Another constitutional challenge is with regards to Art 19(1)(a) of Indian Constitution and Art 14(1)(a) of Singaporean Constitution, which are para materia to each other and talk about freedom of speech and expression. The Indian Court stated that S 377 “amounts to an unreasonable restriction, for public decency and morality cannot be amplified beyond a rational or logical limit and cannot be accepted as reasonable grounds for curbing the fundamental rights of freedom of expression and choice of the LGBT community” and therefore, violates Art 19(1)(a).
The Singaporean Court stated that “the term “expression” in Art 14(1)(a) must be understood in its in its ordinary meaning to relate to freedom of speech encompassing matters of verbal communication of an idea, opinion or belief, and “expression” in the form of male homosexual acts would not qualify for protection under Art 14(1)(a).” While the Indian judgement mentioned right to intimacy of LGBT+ community, Singaporean judgement stated that while intimacy is a form of communication, it does not fall under the ambit of “expression”, the scope of which cannot extend beyond verbal communication of ideas, opinions or beliefs.

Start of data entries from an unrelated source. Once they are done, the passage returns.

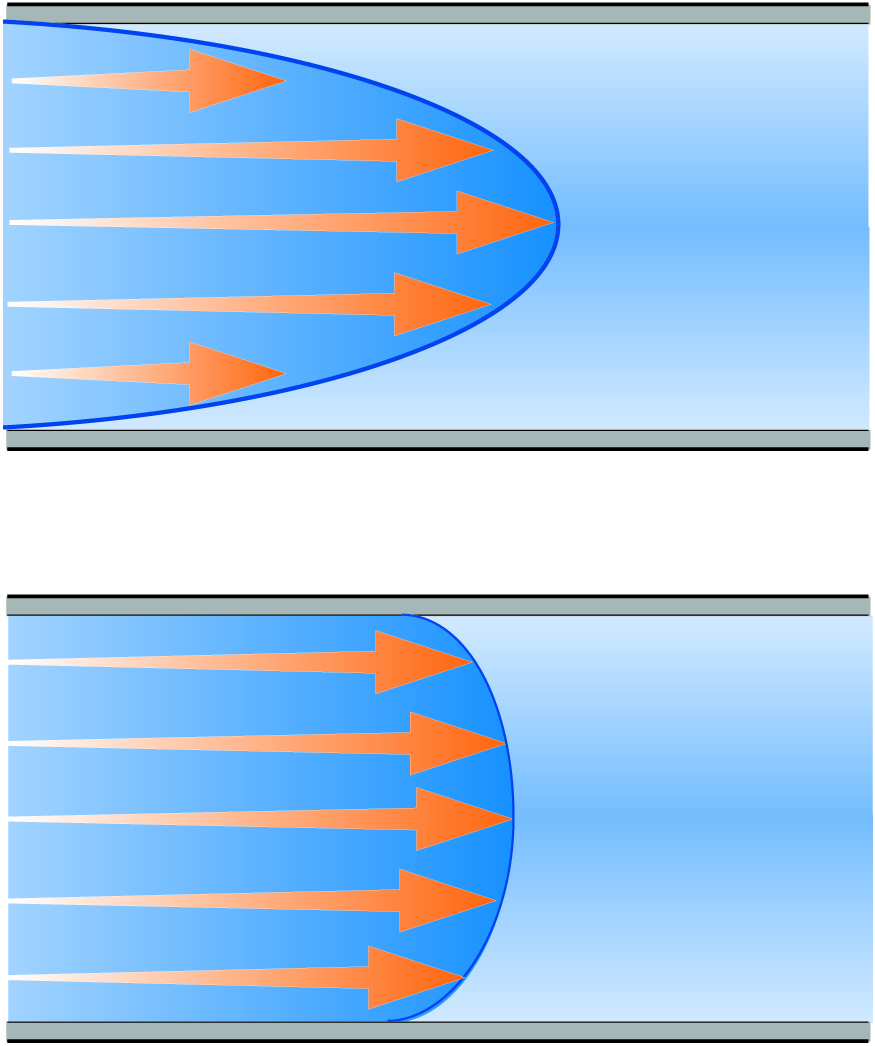 В турбулентном потоке слои перемешиваются, и, следовательно, скорость жидкости примерно одинакова в центральной части потока, но быстро падает по направлению к стенкам. У стенок очень тонкий ламинарный поток жидкости имеет нулевую мгновенную скорость.
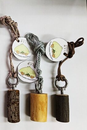 組合でも木や森に関心を持ってもらえるよう、森林林業に関する講師や木工体験など『木育』活動を行っており、その一環として昨年から、あやべ産業まつりの森林組合ブースでバードコールやカスタネット作りなどの木工体験をしています。
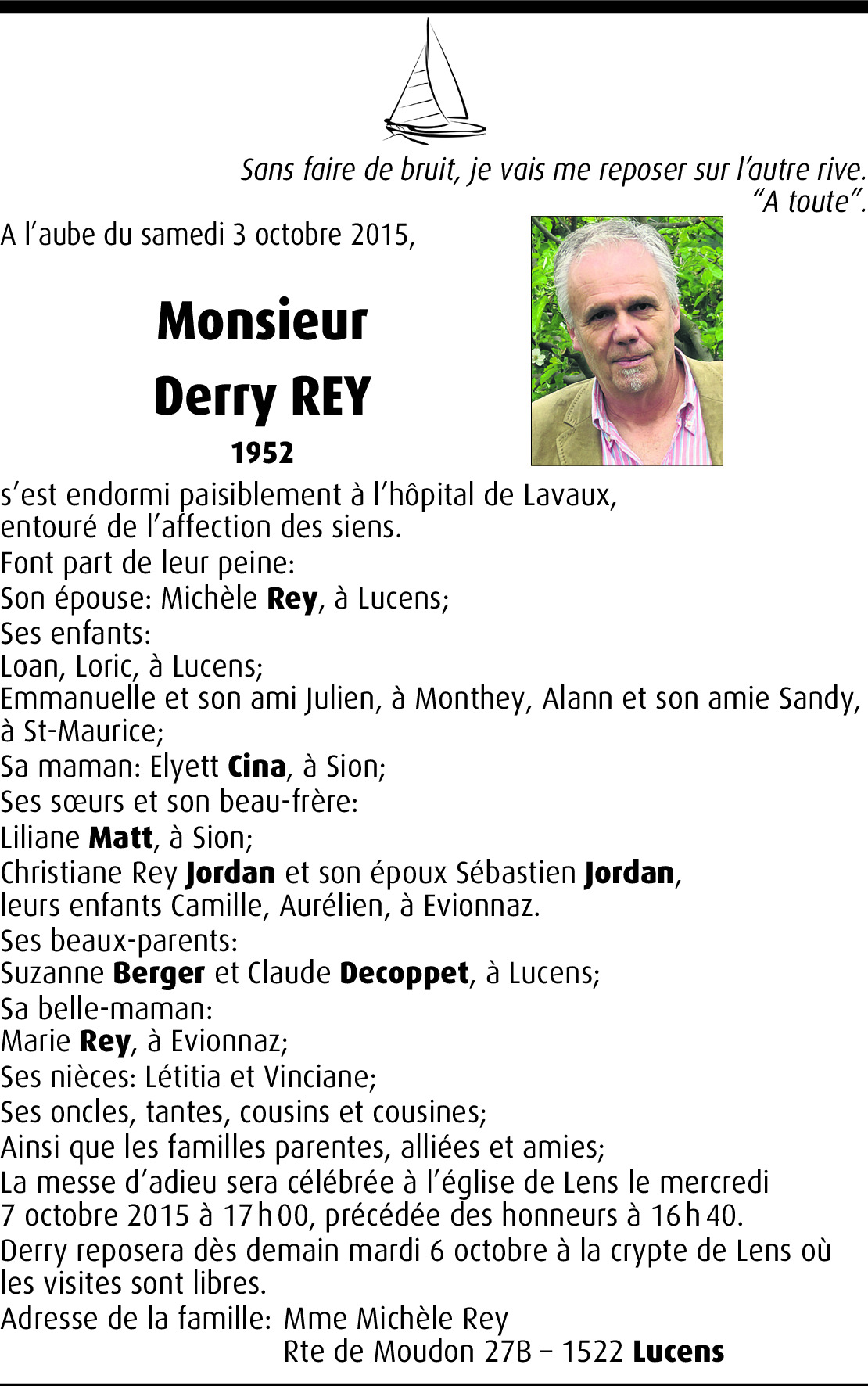 Chère famille, j ai appris la triste nouvelle et je vous adresse mes sincères condoléances. Derry était un ami cher, toujours prêt à me venir en aide, si nécessaire, toujours prêt à refaire le monde, toujours si attentif - aujourd'hui mes pensées l'accompagnent là où il va. Salomé Ramelet

There was also a constitutional challenge on the grounds of Art 21 of Indian Constitution and Art 9 of Singaporean Constitution. While both these articles are not para materia, they are quite similar and are called the right to life in both countries. The Indian courts have recognized Right to privacy a fundamental right under Art 21 of the Constitution via Puttaswamy Judgment. In light of right to privacy, dignity and recognition of individual autonomy and sovereignty over one’s body, S 377 is violative of Art 21.
The Singaporean Court has stated that since it cannot be concluded that homosexuality is natural and immutable, Art 9(1) would not be violated as we cannot confer absolute and unqualified constitutional protection for “personal liberty” of homosexuals and whatever liberty might be taken away, it would be in accordance with the law. Moreover, the Attorney General had clarified that prosecution against consensual homosexual relationship would be against the public interest. This shows that the plaintiffs have an issue with the enforcement of S 377A.

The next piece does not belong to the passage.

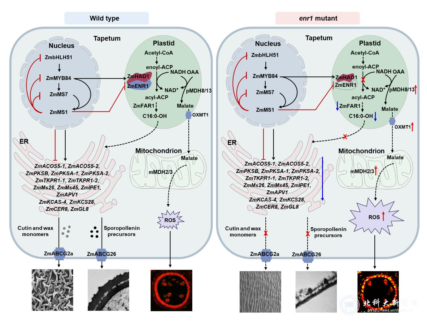 万向元团队通过基因定位技术图位克隆了玉米雄性不育基因ZmENR1,其编码质体定位的烯酰基-ACP还原酶,该基因为植物中发现的第1个参与质体脂肪酸从头合成的GMS基因。进一步综合利用遗传学、细胞学、分子生物学和多组学等技术,研究揭示ZmMS1介导的反馈抑制环调控ZmENR1/ZmHAD1蛋白复合体形成,其通过影响质体脂质代谢和线粒体活性氧(ROS)代谢进而影响雄花发育;同时研究了ENRs基因在不同植物中的功能保守性和差异性,加深了质体脂代谢对植物雄花发育作用的认识。
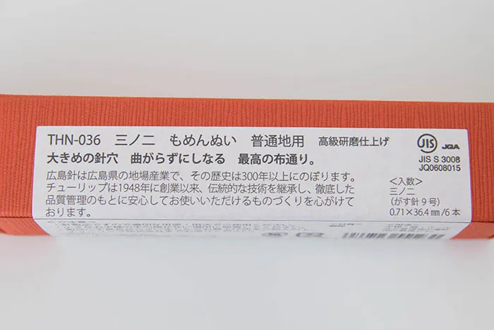 糸通しの良さを保証する針穴の大きさと内面の美しさ、生地に優しい理想の形状が特長です。

The manner of enforcement of a provision is distinct from its constitutionality and the appropriate action would be to seek an administrative review and not a constitutional review. “Notwithstanding non-enforcement of s 377A for consenting homosexual acts between male adults in private, the provision continues to serve its purpose of safeguarding public morality by showing societal moral disapproval of male homosexual acts.”
Conclusion
From the above discussion, we can draw the conclusion that Indian Courts have explicitly removed penalization of consensual activity between two adults. The law to this extent has been struck down as being opposed to the constitutional morality of individuals and being out of sync with progressive realization of rights. The Singapore Courts have recognized that private consensual homosexual sex is permissible and cannot be prosecuted due to Attorney General’s Press Release, however, the law continues to be constitutional and is reflective of public morality.